Signed-off-by: Aaron Teo <[email protected]>

…al if guard" This reverts commit 6e780a4. Signed-off-by: Aaron Teo <[email protected]>

Signed-off-by: Aaron Teo <[email protected]>

This reverts commit 0da4b6a. Signed-off-by: Aaron Teo <[email protected]>

Signed-off-by: Aaron Teo <[email protected]>

slaren · 2025-09-08T11:50:34Z

Not sure if my .supports_buft is implemented inaccurately but the weights tensor are not going through the .set_tensor function, and thus, will have to re-initialise the weight zTensors on-the-fly during matmul. Not ideal though.

Are you sure that you are looking at a weight? It might be part of the attention computation.

taronaeo · 2025-09-09T18:04:46Z

Sorry I missed this. Yep I can confirm that I am looking at a weight tensor, unless my debugging code is wrong.

Debug Patch

diff --git a/ggml/src/ggml-zdnn/ggml-zdnn.cpp b/ggml/src/ggml-zdnn/ggml-zdnn.cpp
index 7947aab87..bd04beb2d 100644
--- a/ggml/src/ggml-zdnn/ggml-zdnn.cpp
+++ b/ggml/src/ggml-zdnn/ggml-zdnn.cpp
@@ -130,7 +130,11 @@ static void ggml_zdnn_mul_mat_op(ggml_backend_zdnn_context * ctx, const ggml_ten
     // TODO: Weights are somehow not going through `ggml_backend_zdnn_buffer_set_tensor` during model loading.
     //       So we need to load the weights here.
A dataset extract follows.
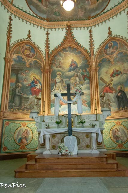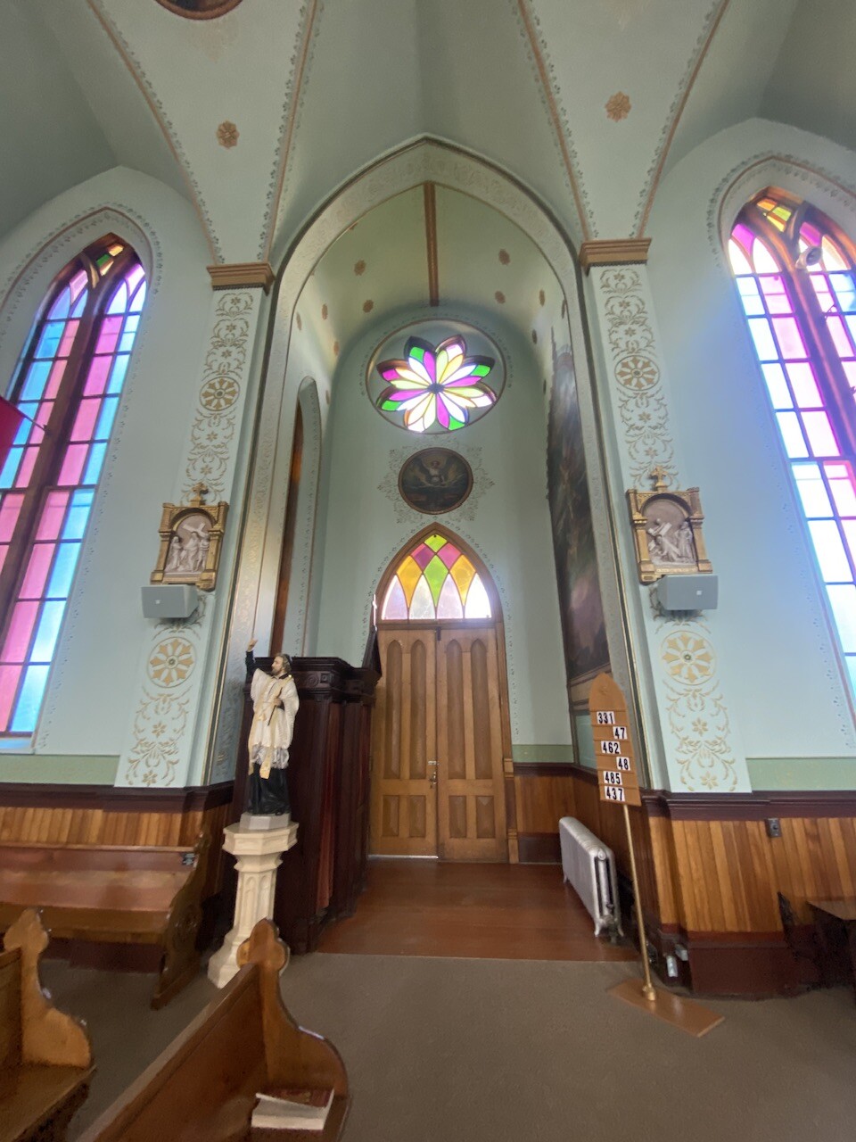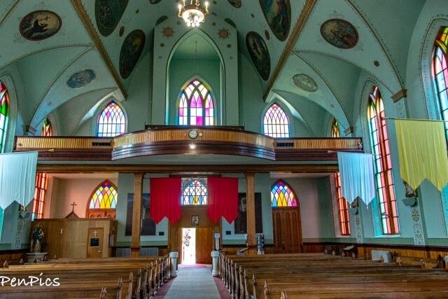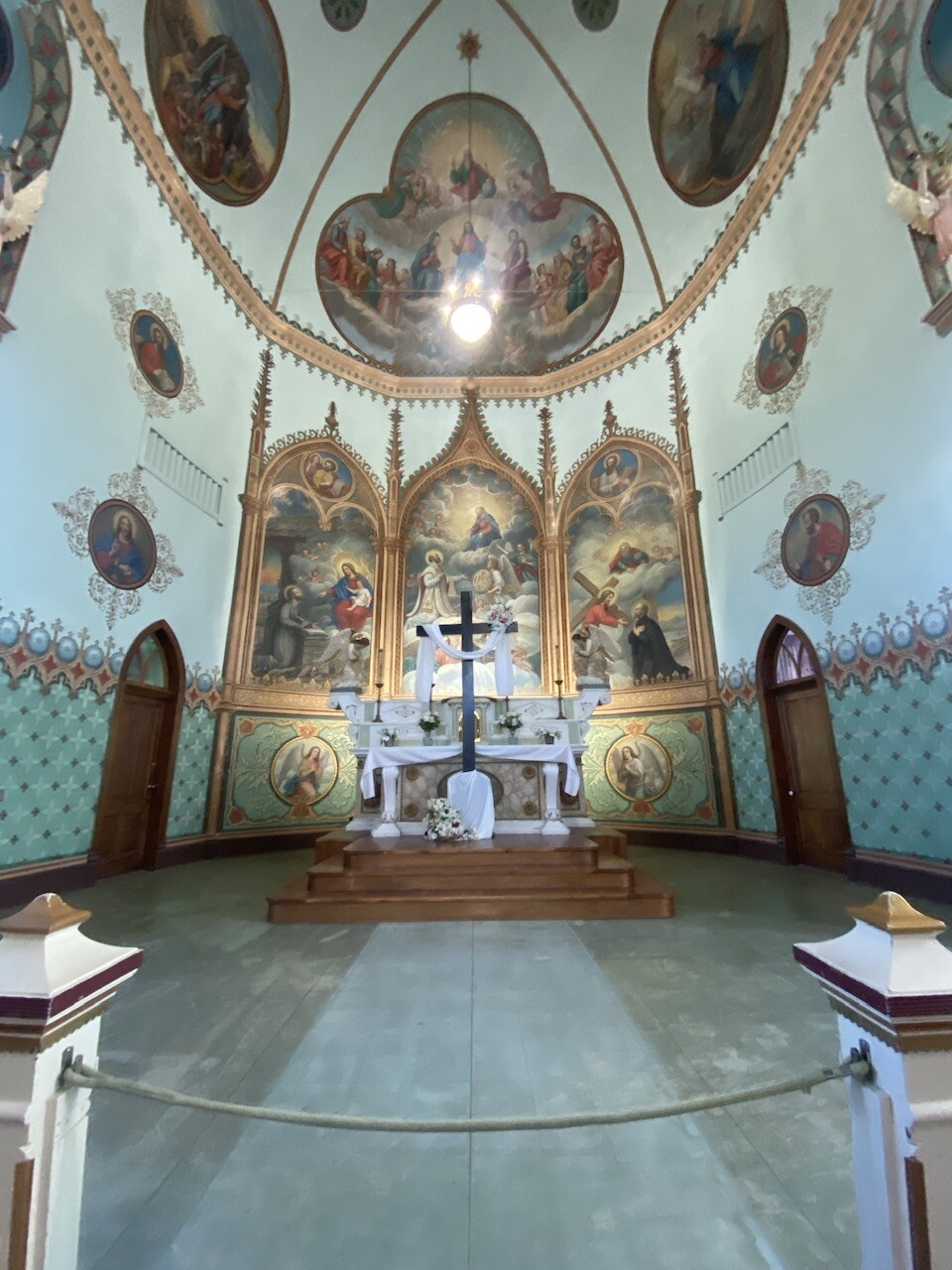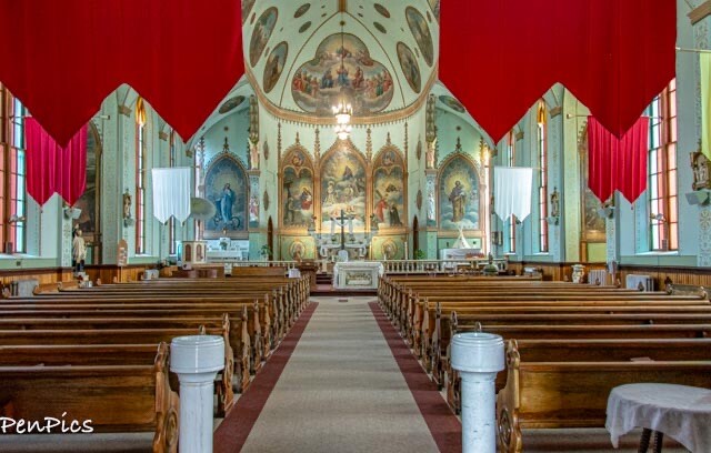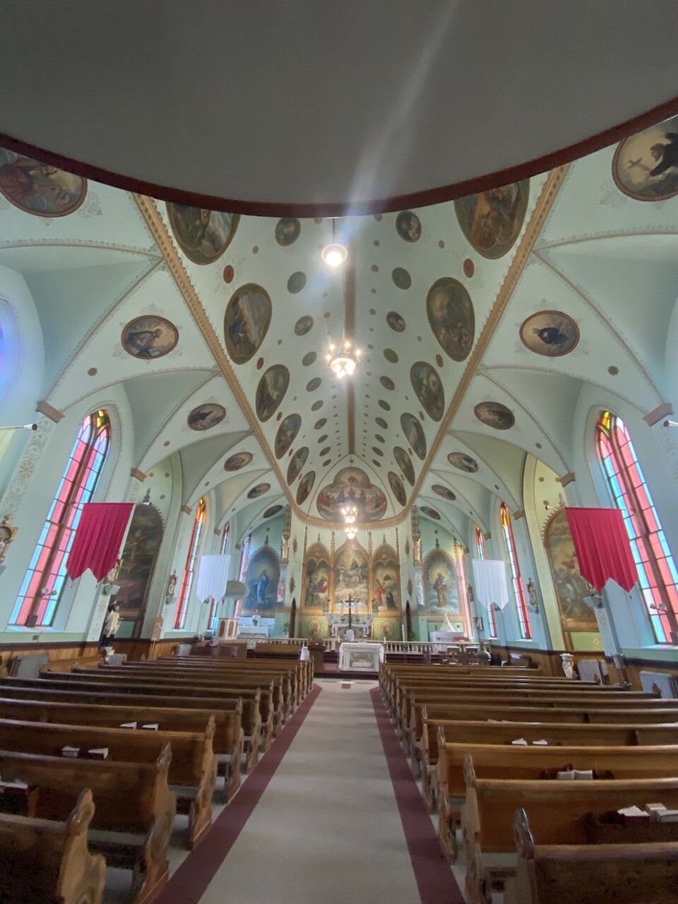 This Catholic Church is unique because its walls and ceilings have 58 original paintings by Brother Joseph Carignano on them. (Carignana served in the resident kitchen and had no training in arts)

Remove this when the issue is fixed.
     //       Problem might be residing in `ggml_backend_zdnn_device_supports_buft`.
-    if (weights_extra->ztensor.is_transformed == false) ggml_zdnn_load_tensor(weights_extra->ztensor, weights->data);
+    if (weights_extra->ztensor.is_transformed == false) {
+       GGML_LOG_INFO("%s: tensor->name = %s | tensor->buffer->usage = %d\n", __func__, weights->name, weights->buffer->usage);
+       ggml_zdnn_load_tensor(weights_extra->ztensor, weights->data);
+       std::raise(SIGINT);
+    }
 
     // GGML_LOG_INFO("%s: tensor '%s' tensor dimensions: [%ld, %ld, %ld, %ld] pre_tfm_desc dimensions: [%ld, %ld, %ld, %ld]\n",
     //               __func__, weights_extra->name,

And as logged, the buffer usage is 1, which equates to GGML_BACKEND_BUFFER_USAGE_WEIGHTS.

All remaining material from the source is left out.